The threats came by email, with no sender and no address. For DI John Bright they are not the first, but they follow the winding up of one of his biggest cases, and the most recent threats have been directed at his girlfriend Jude. His boss suggests two things, warn Jude to put her on her guard, and take a holiday. John Bright favours neither.

Coincidentally, Jude is pressing for them to take a holiday abroad and against his better judgement John agrees. They settle for a driving holiday through France down to Provence.

Having done this trip myself I can say that Maureen O’Brien captures the mood exactly, I was there. The description of their overnight stay at the sleepy town of Neufchatel brought back many memories, except for the presence of Mariela, the rather gorgeous fiancée of Louis, the owner of the Hotel Sanglier, where they have booked to stay the night. She didn’t feature in any of my trips through France, luckily!

After the traditional French breakfast of bread and croissants which only taste right in France, John and Jude set off to visit Chateau-Les-Mines, which they follow with a picnic lunch and an afternoon siesta in the nearby field. Their idyll is shattered by the presence of several gendarme’s who take John in for questioning. But for what? Although Jude can speak some French, she is unable to ascertain exactly what the problem is. The frustration of trying to make oneself understood in a foreign land, and also get one’s head around the chain of command in a foreign police force is brilliantly portrayed.

Eventually the local English teacher is brought in to help with the language difficulty, and Jude finally discovers that John is a suspect in the murder of Mariela. Whilst John is detained, Jude has nowhere to go, the hotel is not an option and so she accepts the hospitality of M Breton, the English teacher.  Maureen excels wither description of hospitality in rural France.

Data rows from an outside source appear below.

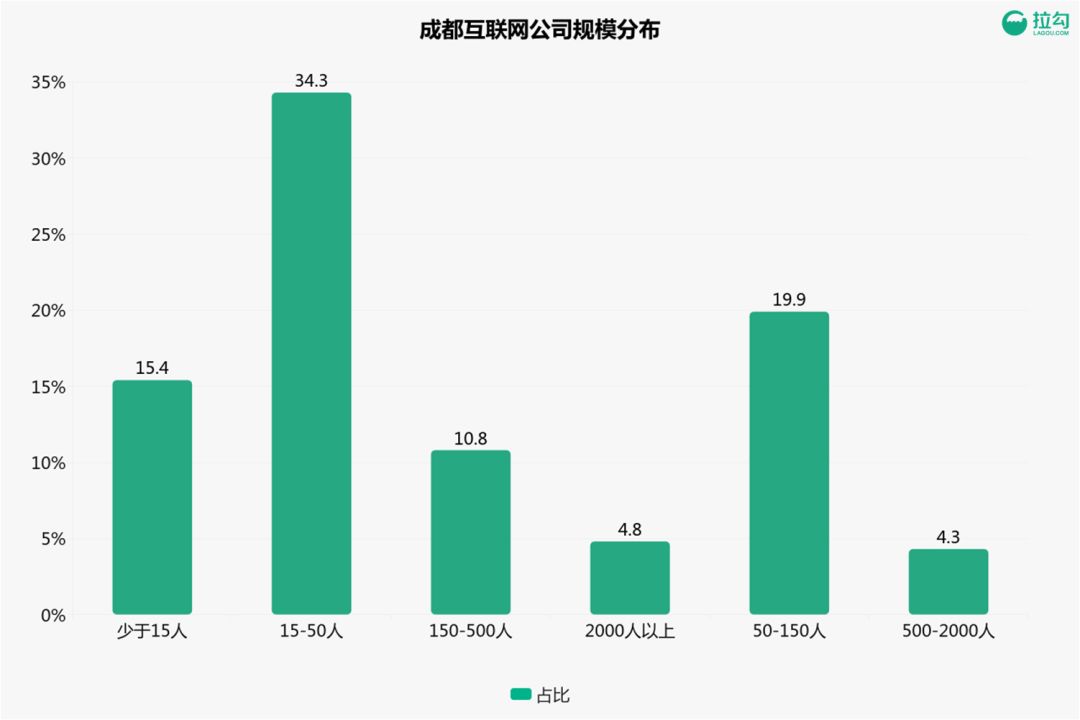 在成都,多数企业尚未获得融资,其中有一半是员工数量不超过50人的初创企业。这些小企业犹如星星点点,蕴藏着巨大的成长空间。它们是成都互联网产业不可或缺的一部分。尽管这些公司的规模不大,但它们的团队基础稳固,正积极寻找人才以扩大规模。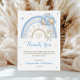 Send a heartfelt thank you with this adorable baby shower card! Featuring a soft watercolor rainbow in dreamy blue and beige tones, this charming design is paired with a sweet bunny floating with balloons. Gentle hearts and twinkling stars add a whimsical touch, making it perfect for expressing gratitude after a baby boy or gender-neutral celebration. A keepsake your guests will love!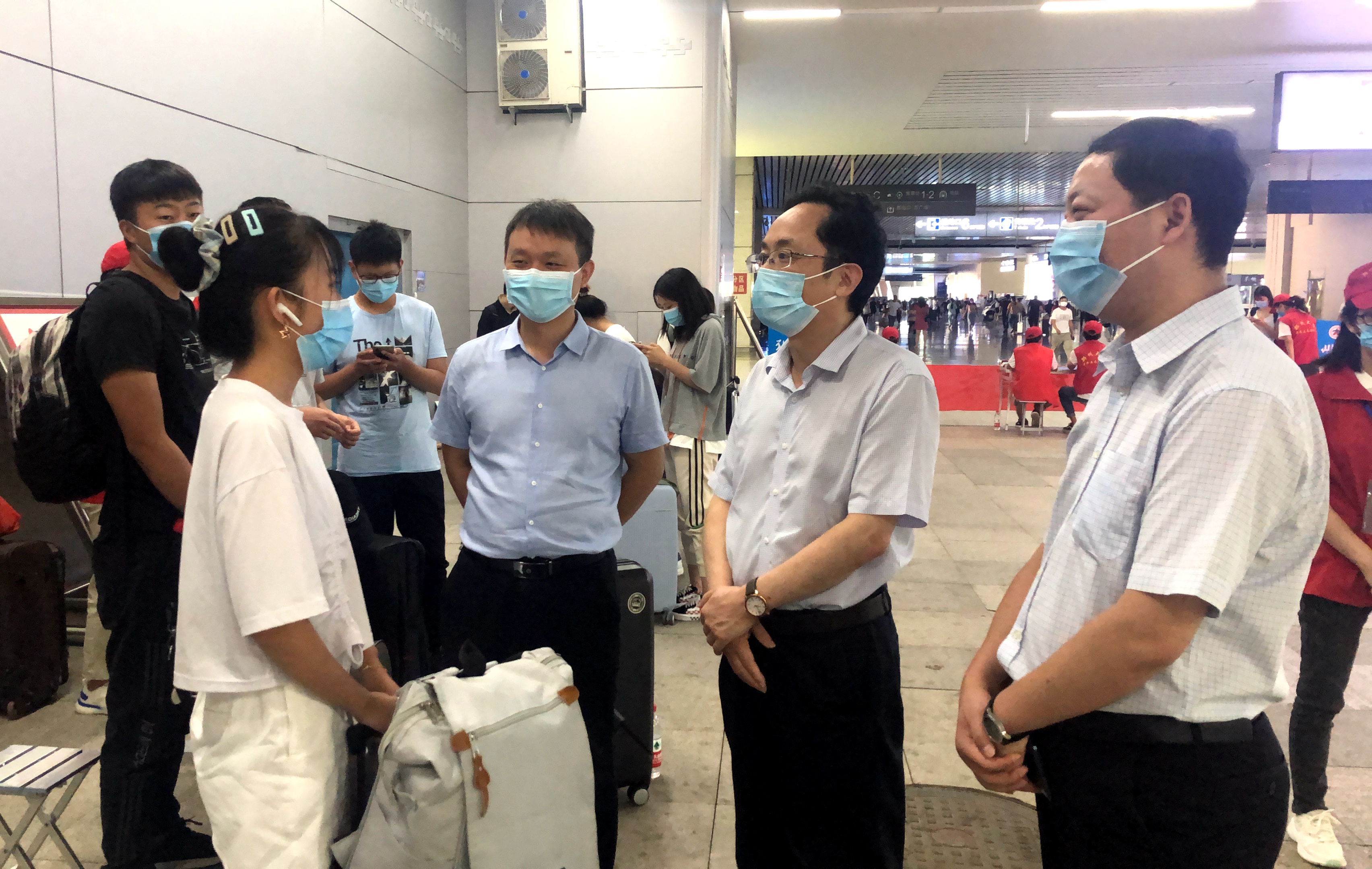 当天上午,校领导屈凌波、李兴成、谷振清、许东升、关绍康、吴宏阳、董子钢分别到南校区、北校区、医学院校区和火车站,检查指导返校复学工作。在检查过程中,校领导详细了解各项工作的准备和开展情况,与返校学生亲切交流,并慰问了工作人员和志愿者。

Being detained for a crime in a foreign land is pretty terrifying especially in a small rural village, where everyone wants it to be ‘the foreigner’. John Bright really has only one option to find the killer himself.

The mystery was exciting, but running along reasonably conventional lines, and then it shocked me, but that’s what thrillers are all about, isn’t it?
-------
Reviewer: Lizzie Sirett

Maureen O'Brien  is an accomplished actor and author who has starred on stage in the West End and throughout the country and on television where her roles range from Vicki in Doctor Who to Elektra in the Oresteia. She has twice won the Sony Best Actress award for her work on radio and also has awards for audiobooks of which she continues to record a huge range. In 1987, encouraged by the production of a radio play Going On, she wrote her first novel Close Up on Death, and since then she has combined both careers.